§ **THE DATA**:
*-*-*
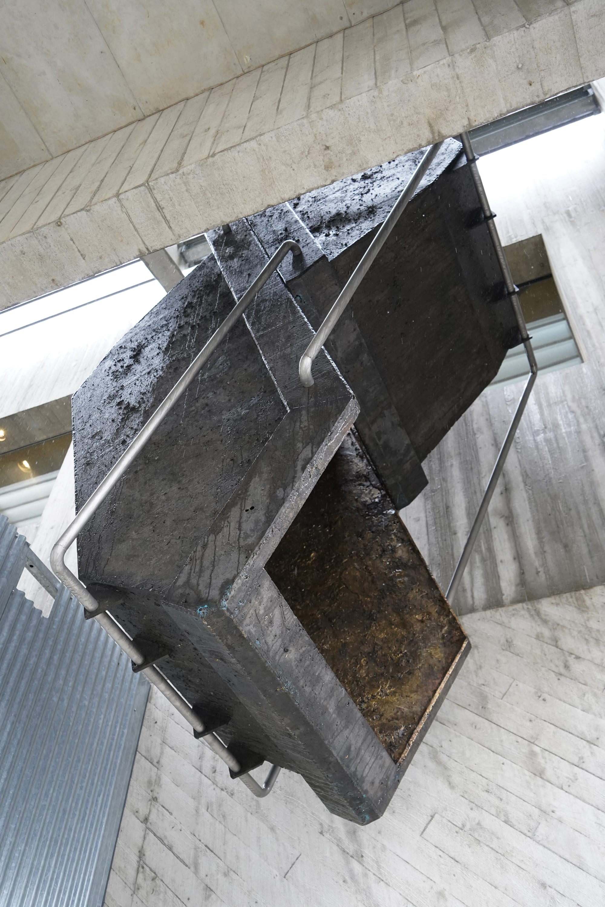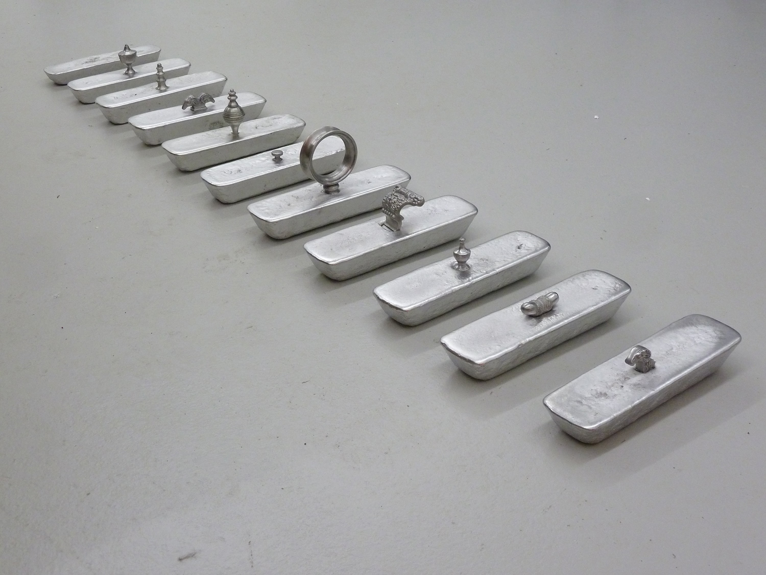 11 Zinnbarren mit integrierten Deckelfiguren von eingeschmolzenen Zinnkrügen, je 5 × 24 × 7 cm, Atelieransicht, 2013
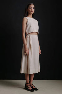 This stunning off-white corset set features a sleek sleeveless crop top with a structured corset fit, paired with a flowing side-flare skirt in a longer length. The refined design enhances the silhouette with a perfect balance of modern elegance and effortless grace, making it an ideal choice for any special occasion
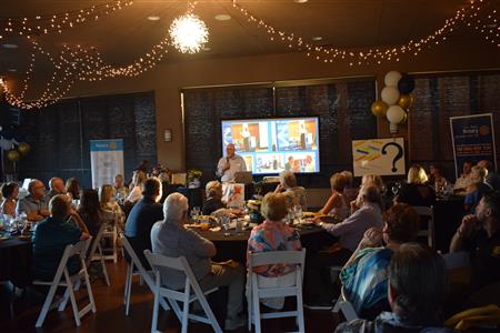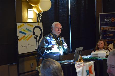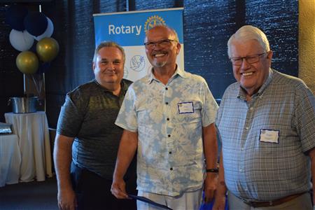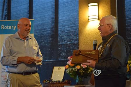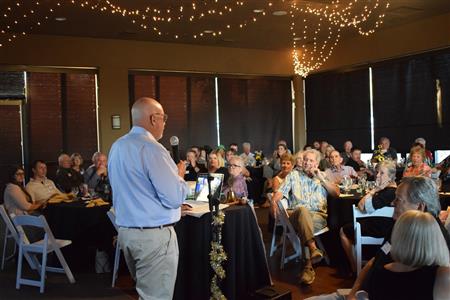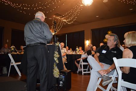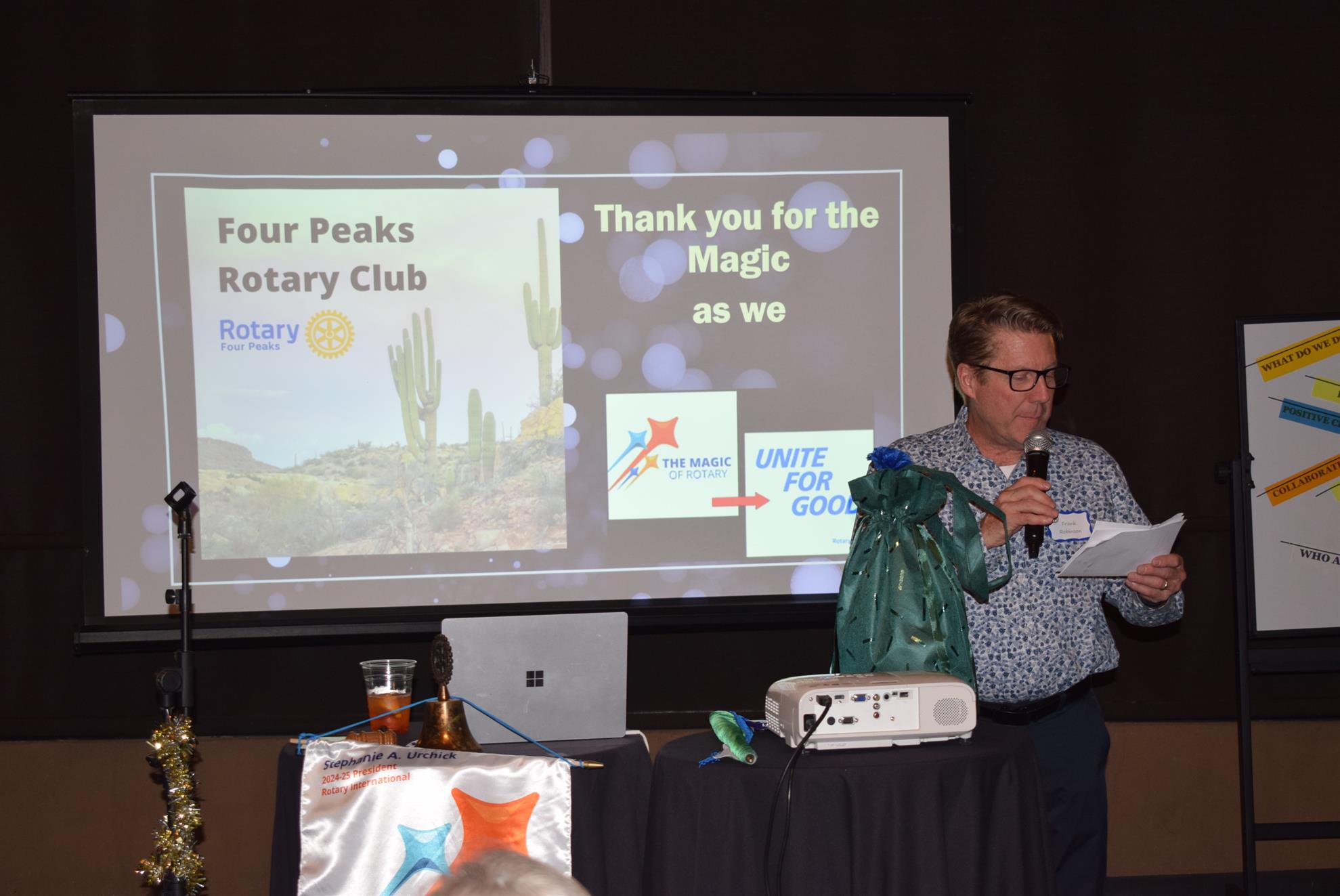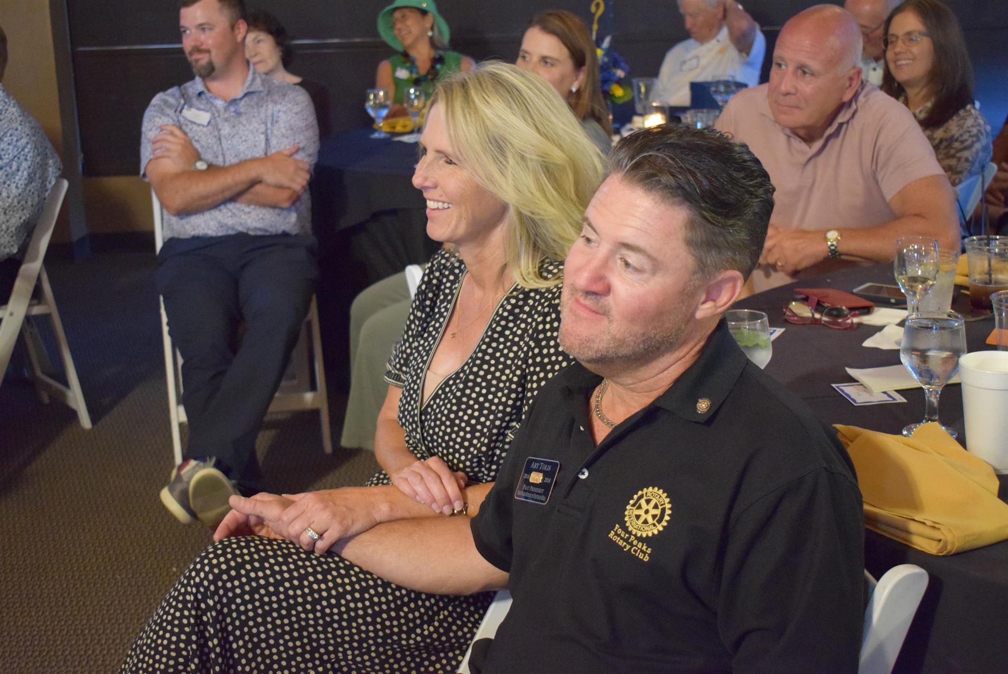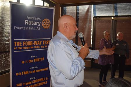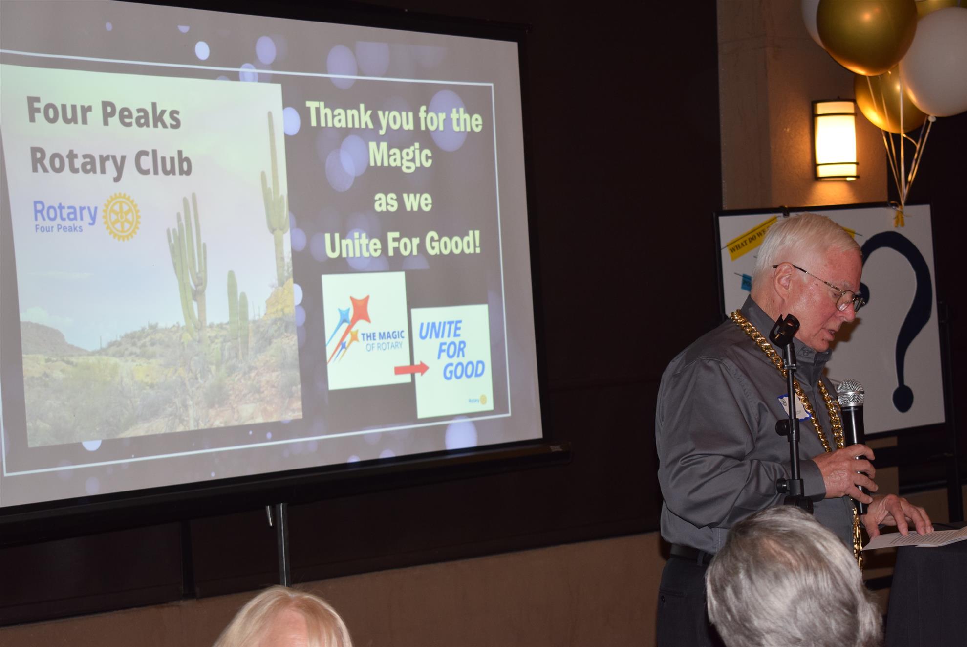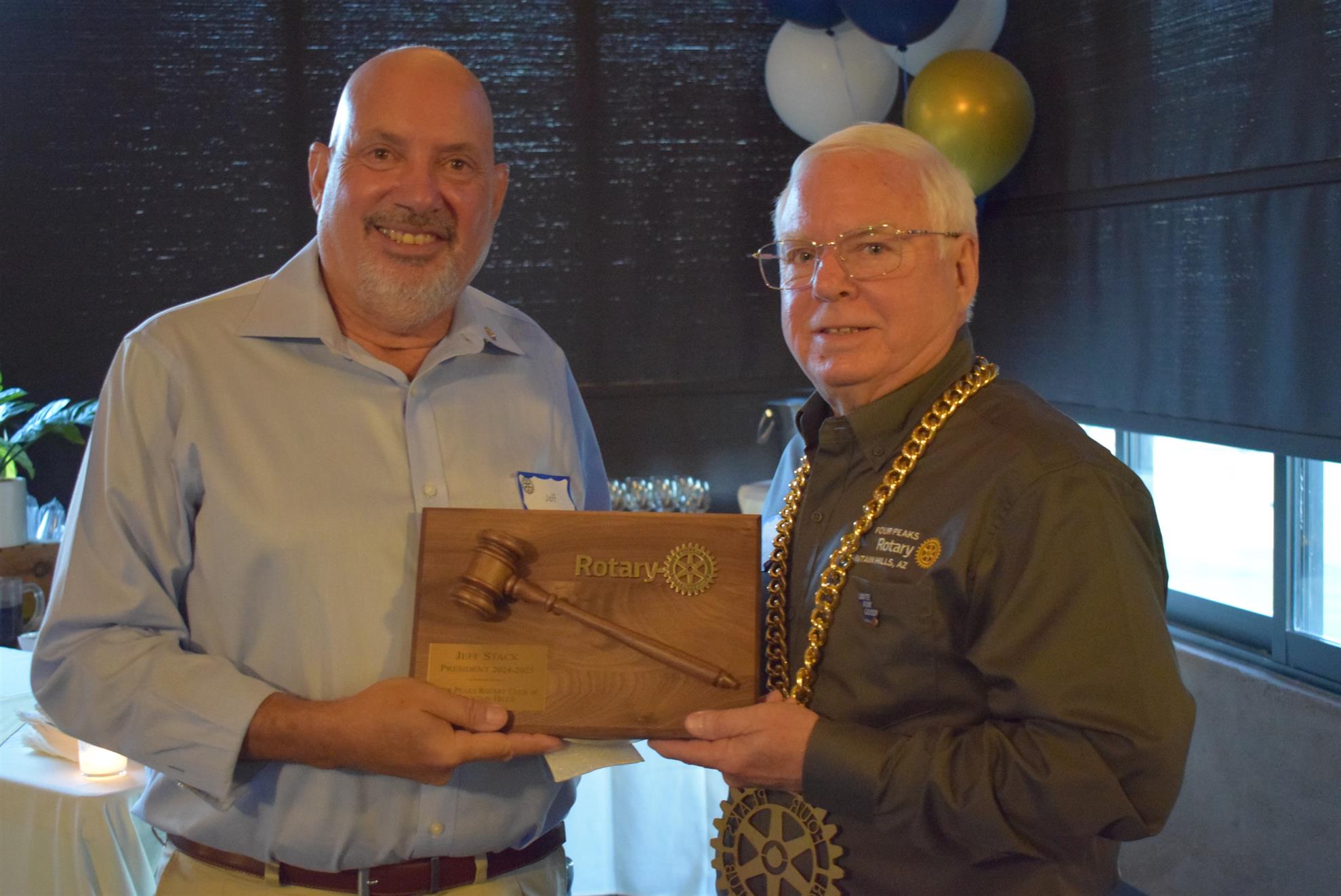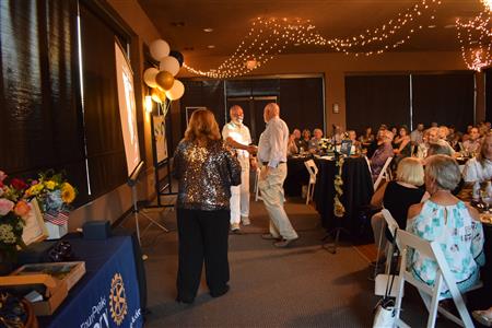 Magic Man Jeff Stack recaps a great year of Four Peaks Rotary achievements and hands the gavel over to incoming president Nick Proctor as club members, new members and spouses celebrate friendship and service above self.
*-*-*
§ **DIRECTIONS**: Give the listing again word for word. Skip every image.

§ **ANSWER FOR THIS EXERCISE**:
 11 Zinnbarren mit integrierten Deckelfiguren von eingeschmolzenen Zinnkrügen, je 5 × 24 × 7 cm, Atelieransicht, 2013
 This stunning off-white corset set features a sleek sleeveless crop top with a structured corset fit, paired with a flowing side-flare skirt in a longer length. The refined design enhances the silhouette with a perfect balance of modern elegance and effortless grace, making it an ideal choice for any special occasion
 Magic Man Jeff Stack recaps a great year of Four Peaks Rotary achievements and hands the gavel over to incoming president Nick Proctor as club members, new members and spouses celebrate friendship and service above self.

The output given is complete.